PFAS compounds are proving to be pervasive in public water systems and around military bases across the country. The report describes health effects associated with exposure, including cancer, liver damage, decreased fertility, increased risk of asthma and thyroid disease in humans. 

Notably, it describes how daily consumption of extremely low doses of the chemicals appeared to have an effect on rats and mice tested in labs — including delayed eye opening in newborns and lower body weight, as well as changes to brain activity and skeletal composition. 

The CDC assumes that humans are more sensitive to the effects of substances than animals in setting limits. The report also expanded the focus of research from the two most well-known PFAS chemicals to include 12 others.

In 2013, the EPA began temporarily monitoring public drinking water systems across the country for PFAS compounds under the Safe Drinking Water Act. The agency found that the two most common PFAS compounds were present in roughly 1 percent of the nation’s public water supplies, affecting roughly 100 different municipalities. Harvard researchers, in a 2016 study, estimated that, based on that data, some 6 million Americans got their drinking water from sources that exceeded the EPA health guidelines.

Lower guidelines — as are suggested in the report released today — would mean many more people are at risk.

Addressing these compounds “is one of EPA’s top priorities,” Peter Grevatt, director of the EPA’s Office of Ground Water and Drinking Water, said in an emailed statement.
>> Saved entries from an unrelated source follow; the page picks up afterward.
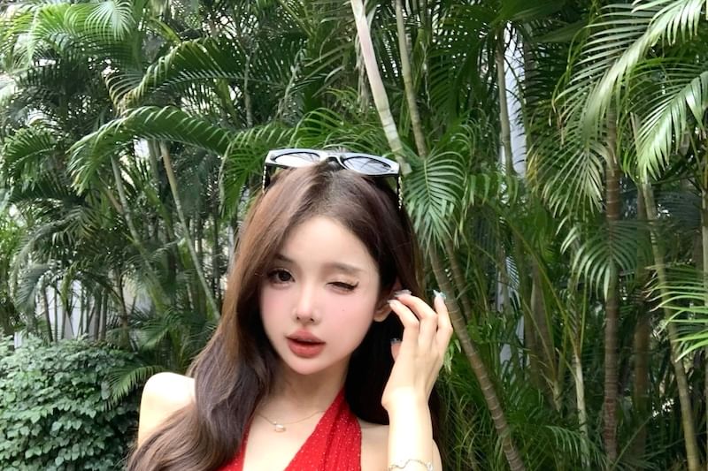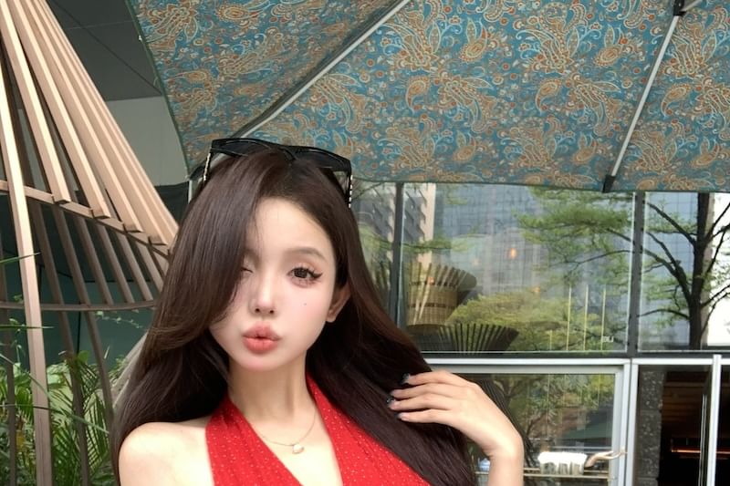 Halter-Neck Plain Ruffle Hem Dotted Top
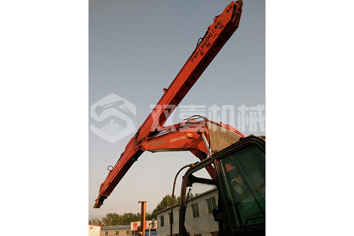 三節臂:25T級挖掘機三節臂可挖深24米,35T級挖掘機三節臂可挖深32米;臂體采用700L或960高強度板材,滑輪安裝結構在臂外部,便于保養維修,結構設計尺寸大,延長使用壽命。
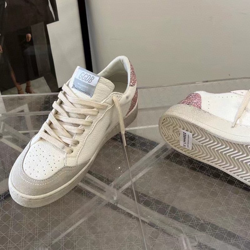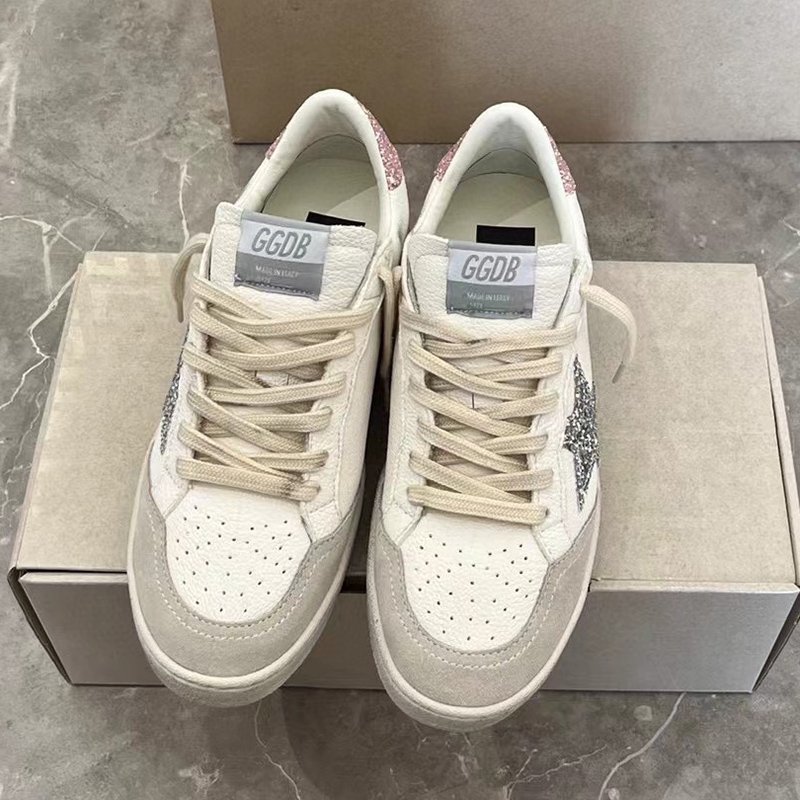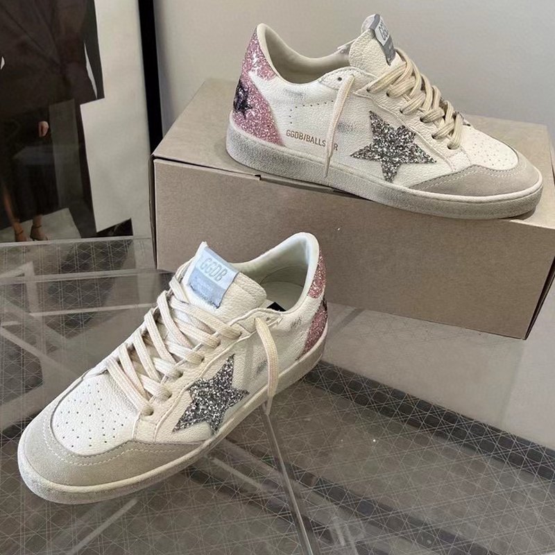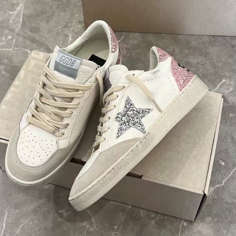 Ball-Star with red matte cowhide star and pink glitter heel

The agency looks forward to collaborating with “all of our federal partners as we work together to protect public health.”
The Department of Defense, which faces extensive contamination risk at more than 600 military sites in the U.S. where the chemicals were used in firefighting foam, reported to Congress earlier this year that at least 126 drinking water systems on or near military bases were also contaminated.

As evidence of contamination mounts, the questions of what these chemicals do to people’s health and how much exposure they can tolerate have lingered, which is why the CDC’s report has been so eagerly anticipated.

Elsie Sunderland, a professor at Harvard University, said there are more than 4,000 different types of PFAS chemicals, and scientists are just beginning to understand their effects. The CDC report only addresses a tiny fraction of the compounds produced, and the chemical industry uses new compounds to replace the old ones on a regular basis. “People call it chemical whack-a-mole,” she said.

Last month, the Union of Concerned Scientists obtained EPA emails — which were first reported in Politico — describing a government effort to withhold the CDC report because it was widely expected to raise a “potential public relations nightmare” about the dangers posed by PFAS chemicals. 

White House and EPA officials, in the emails, discussed how the release of new information could be particularly inconvenient for the Department of Defense, which already faces significant cleanup costs related to the PFAS compounds, but could see those costs substantially increase if the chemicals turned out to be even more dangerous than previously thought.

Several members of Congress have since demanded the release of the report, and the EPA earlier this month held a summit meeting in Washington, D.C., with scientists and officials from federal agencies to consider next steps in addressing the PFAS concerns. That meeting was notable because several news organizations were excluded or forcibly removed from the room.